_What the exercise asks_
Reproduce exactly the span of lines beginning at the one with "One 1861 $5 CT-33 Confederate PCGS 61." and ending at the last line of the data below, omitting pictures.

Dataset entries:
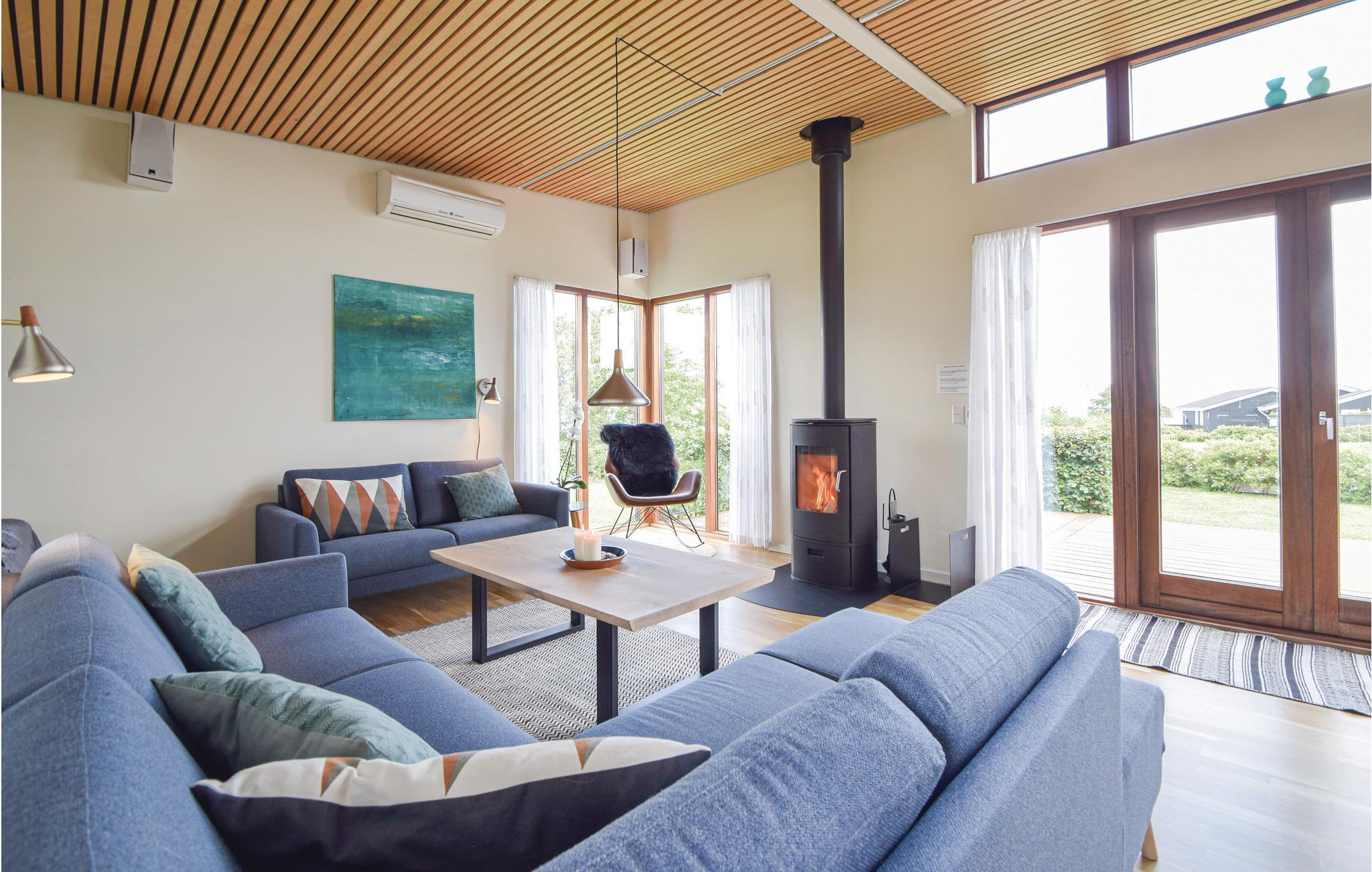 Der er lagt op til en ferie i roligt tempo, for på dette skønne sted står tiden næsten stille. Dette hus emmer af kvalitet og har direkte udsigt til Vejle Fjord, så roen og feriestemningen kommer helt af sig selv. Læn jer godt tilbage i dagligstuens sofaer og mærk varmen fra brændeovnen efter en lang gåtur på stranden. I køkkenet kan I gøre klar til den store lækre feriemiddag, mens der spilles brætspil i stuen. Hvis I vil skrue lidt ekstra op for forkælelsen, kan I sætte jer til rette i spaen på badeværelset.
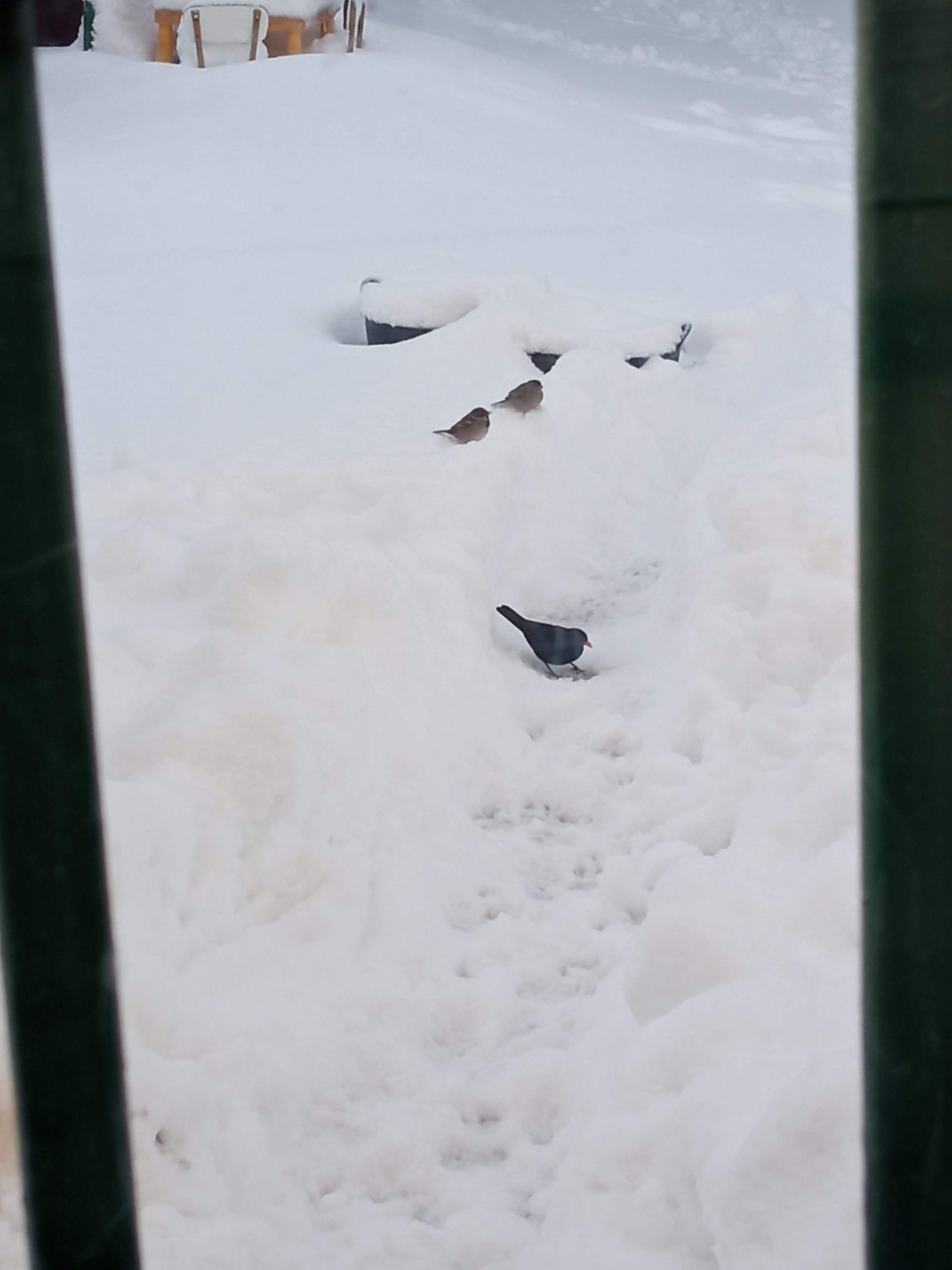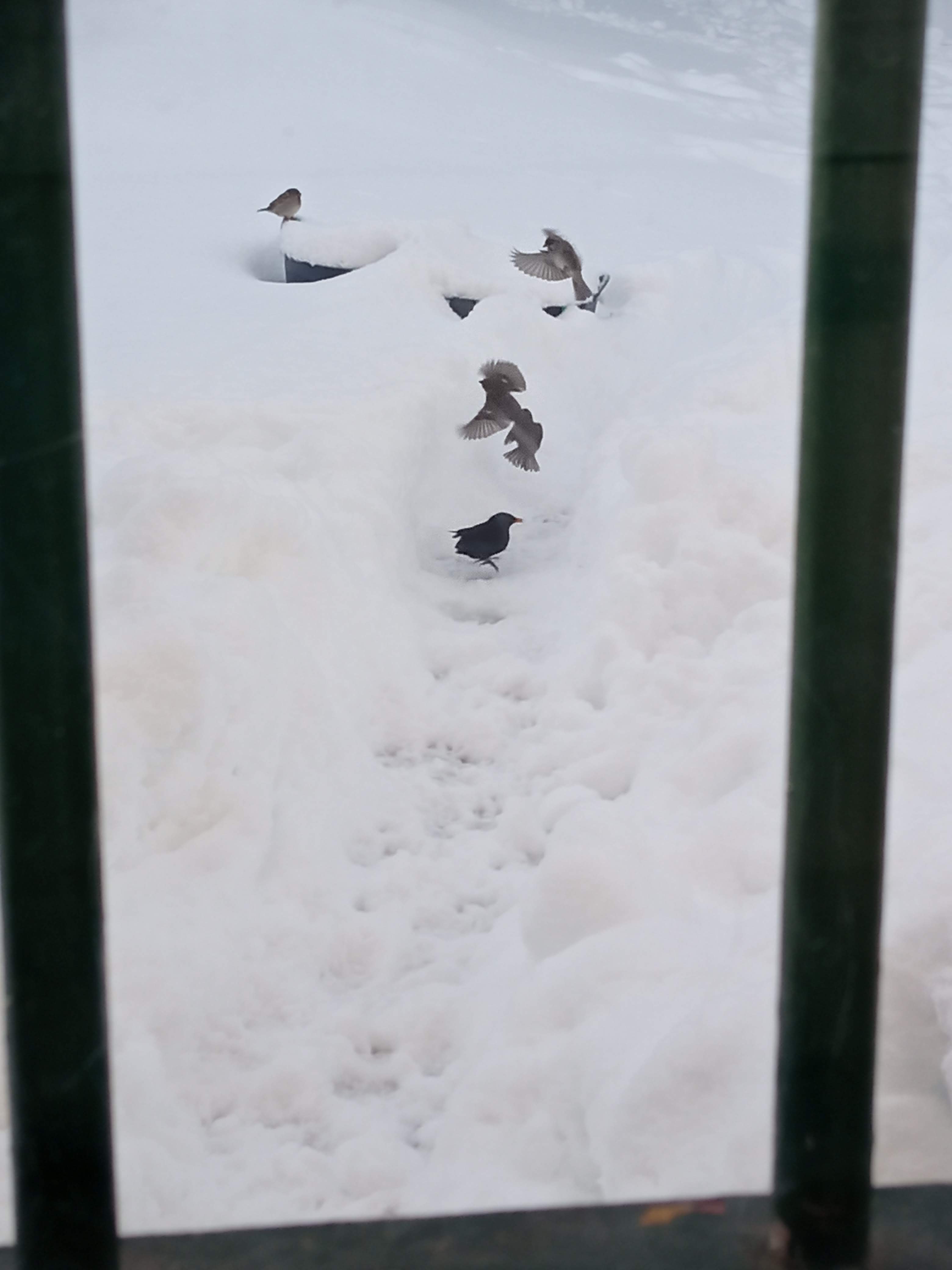 Así compartían un mirlo y una banda de gorriones comunes un platito de semillas sobre la nieve el segundo día de nevada. No están muy exigentes, cualquier platito en el suelo con semillas o miguitas de pan les vale para aumentar sus calorías en estos fríos días de invierno:
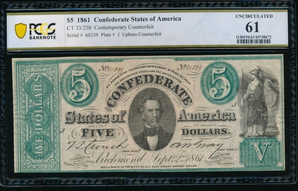One 1861 $5 CT-33 Confederate PCGS 61.
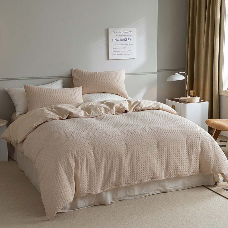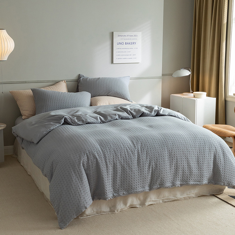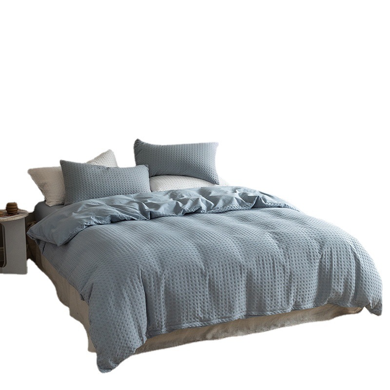 Factory Direct Sales Four-Piece Waffle Bed Set All Cotton Pure Cotton 100S Washed Cotton Duvet Cover Bed Sheet Fitted Sheet Three-Piece Set
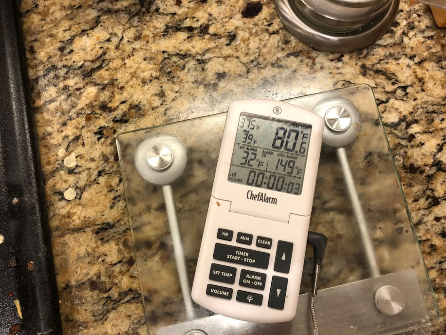 Sigh, the probe was set a bit too close to the bone. When we started pulling it out, it went down to 142, so it was back into the oven for a while. As Bullwinkle would say - “This time for sure!”
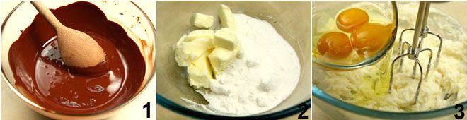 Faites fondre le chocolat noir au bain-marie ou au micro-ondes et laissez-le tiédir 1. Pendant ce temps, coupez le beurre en dés et laissez-le ramollir à température ambiante, puis ajoutez le sucre et les graines de la gousse de vanille 2 et battez avec un batteur jusqu'à obtenir un mélange clair et crémeux ; en continuant de battre, ajoutez les œufs un par un 3.

_Answer space_
One 1861 $5 CT-33 Confederate PCGS 61.
 Factory Direct Sales Four-Piece Waffle Bed Set All Cotton Pure Cotton 100S Washed Cotton Duvet Cover Bed Sheet Fitted Sheet Three-Piece Set
 Sigh, the probe was set a bit too close to the bone. When we started pulling it out, it went down to 142, so it was back into the oven for a while. As Bullwinkle would say - “This time for sure!”
 Faites fondre le chocolat noir au bain-marie ou au micro-ondes et laissez-le tiédir 1. Pendant ce temps, coupez le beurre en dés et laissez-le ramollir à température ambiante, puis ajoutez le sucre et les graines de la gousse de vanille 2 et battez avec un batteur jusqu'à obtenir un mélange clair et crémeux ; en continuant de battre, ajoutez les œufs un par un 3.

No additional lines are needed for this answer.